Ребенок кричал и плакал, ему давали лекарства, утешали его; но Анна не обращала на это внимания, только досадовала немножко, что ее разбудили.
Ночью она проснулась и опять услышала голос ребенка, но теперь это был не крик, а жалобный стон, прерываемый словами: «Мама, мамочка, приди ко мне! Моя сладенькая мамочка, приди! Где ты? Дай мне ручку, мамочка, дай!» Анна оглянулась. Сиделка, провозившаяся весь день с малюткой и половину ночи с какой-то нетерпеливой больной, задремала в другом углу комнаты и не слышала бедной малютки, которая продолжала стонать и звать свою «мамочку». Анна не могла равнодушно слышать эти стоны. Она настолько окрепла, что уже могла ходить. Всунув ноги в туфли, она тихонько подошла к маленькой больной. Это была девочка лет четырех-пяти; она лежала, разметавшись по постели, на щеках её горел лихорадочный румянец, глаза были закрыты, из запекшихся губок вылетало короткое, прерывистое дыхание.
– Больно мне, мамочка! Больно! – жаловалась она. – Дай мне ручку! Ох, как больно…

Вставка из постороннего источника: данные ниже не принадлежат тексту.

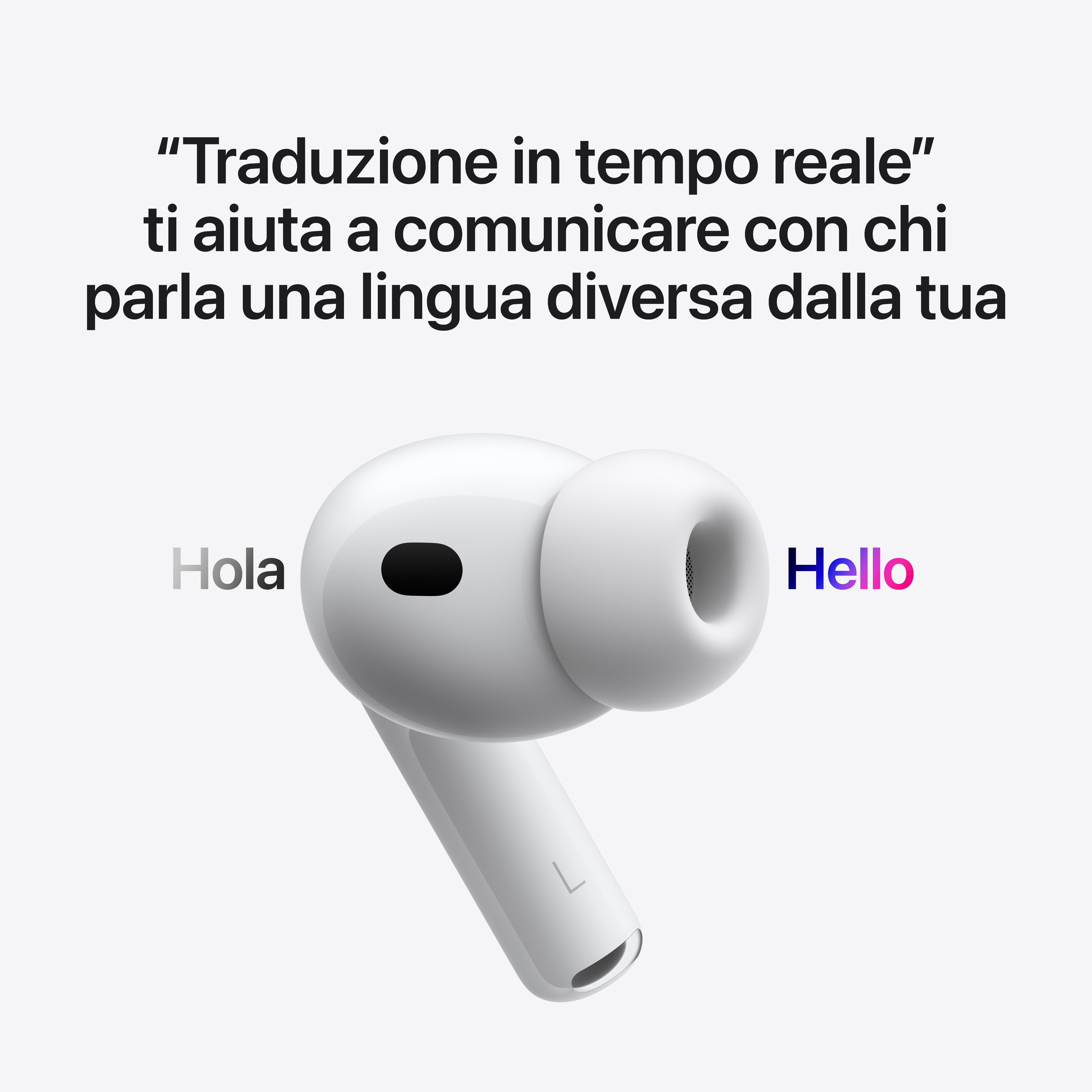 AirPods Pro 3. Cancellazione attiva del rumore fino a 2 volte più efficace rispetto agli AirPods Pro 2.1 Ora con rilevamento della frequenza cardiaca, Traduzione in tempo reale, maggiore autonomia e funzioni per la salute dell’udito migliorate. Design rinnovato per adattarsi meglio a ogni forma di orecchio.

Анна тихонько подложила свою руку под пылавшую щечку малютки, и девочка прильнула губами к этой руке, принимая ее за руку матери. Живя у Скороспеловых, Анна научилась обращаться с детьми; теперь она вспомнила все ласки, нежные слова, какими Федосья Яковлевна успокаивала своих птенцов во время их болезней, и попробовала утешить ими больную. Девочка не открывала глаз и в полубреду продолжала принимать Анну за мать.
– Я рада, что ты пришла, мамочка, – говорила она. – Не уходи от меня, не ложись в большой ящик, я боюсь без тебя. Погладь меня еще, мне не больно, когда ты тут…
Анна гладила, ласкала и успокаивала ребенка, пока бедная малютка не затихла и не уснула; но и тогда она не решалась вытянуть свою руку из-под её головки и отойти прочь.